The Expanded Rayleigh model presented here does not require measurement of δ¹⁵N^s0. This is advantageous for N₂O synthesis reactions where NO is the substrate because directly measuring an accurate δ¹⁵N value for NO is quite challenging due to the reactivity of NO, the lack of isotopic standards for NO, and the fact that ¹⁴N¹⁶O has the same molecular weight as ¹⁵N¹⁵N. However, δ¹⁵N^s0 can be directly measured when NH₂OH is used as the substrate for N₂O production. Determining δ¹⁵N^s0 experimentally may be useful in validating application of the standard Rayleigh model, as the intercept of the standard Rayleigh model is expected to be equal to δ¹⁵N^s0. For example, we determined that the intercept of the standard Rayleigh plot for N₂O produced by NH₂OH oxidation by M. trichosporium is 0.5 ± 0.3 ‰, which is similar to the measured δ¹⁵N^s0 value of −2.3 ‰ (Sutka et al., 2006), confirming that the standard Rayleigh model is applicable for this dataset. Thus, when feasible, measuring δ¹⁵N^s0 would complement the expanded Rayleigh approach.

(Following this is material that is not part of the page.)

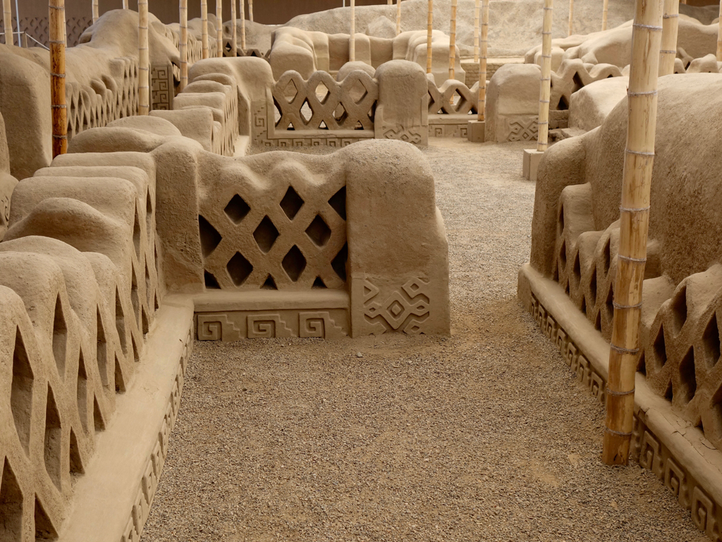 Nous avons fait, sans guide, la visite du palais Tschudi, la seule partie restaurée de ce complexe gigantesque qui est pour le reste malheureusement fortement dégradé (saleté de biques d’adobe). Cette construction est différente par rapport aux temples Mochica, les bas-reliefs colorés faisant place à des reliefs géométriques et à un bestiaire retraçant la culture Chimú.

The nonlinear portion of the Expanded Rayleigh model (used to determine ρ) can be written in two forms, nonlinear model 1 (Eq. 29) and nonlinear model 2 (Eq. 30). Both models are based on the assumption that δ¹⁵N^bulk is equal to the average of δ¹⁵N^α and δ¹⁵N^β (Eq. 15). Therefore, both models are expected to produce very similar results as long as that assumption holds. Indeed, as we have demonstrated here, both models yield nearly identical values of ρ, KIE ¹⁵N^α, and KIE ¹⁵N^β for simulated datasets (Figs. 6 and S5–8; Tables S9–13), and we have obtained similar results for the available experimental data on N₂O production from NH₂OH (Table 5). Thus, either version of the Expanded Rayleigh model may be used. If there is any doubt about which version to use, we recommend selecting the model that has a lower RMSE value (and thus fits the data better).

5 Conclusions

In this paper, we presented the Expanded Rayleigh model, a novel adaptation of the Rayleigh distillation equation that describes the position-specific isotopic enrichment that occurs at N^α and N^β during N₂O synthesis. Using simulated datasets representing multiple different combinations of KIEs, we demonstrated that the Expanded Rayleigh model accurately recapitulates KIE ¹⁵N^α and KIE ¹⁵N^β for a wide variety of scenarios. Our simulations also demonstrate that this new model is robust even when applied to skewed data and/or data with a high level of error. Additionally, we have shown the Expanded Rayleigh model fits the experimentally measured isotopic data for N₂O production from NH₂OH quite well (Sutka et al., 2006) and provides significantly improved estimates for the position-specific KIEs for P450 NOR-catalyzed N₂O synthesis. Thus, the Expanded Rayleigh model provides a reliable method for quantifying isotopic fractionation at N^α and N^β, and it promises to be a valuable tool for experimentally probing the catalytic mechanisms of N₂O-synthesizing enzymes. Finally, we note that the Expanded Rayleigh model will also likely be appropriate for the analysis of other reactions where two atoms from the same substrate pool are incorporated into distinct, non-exchangeable positions in the product.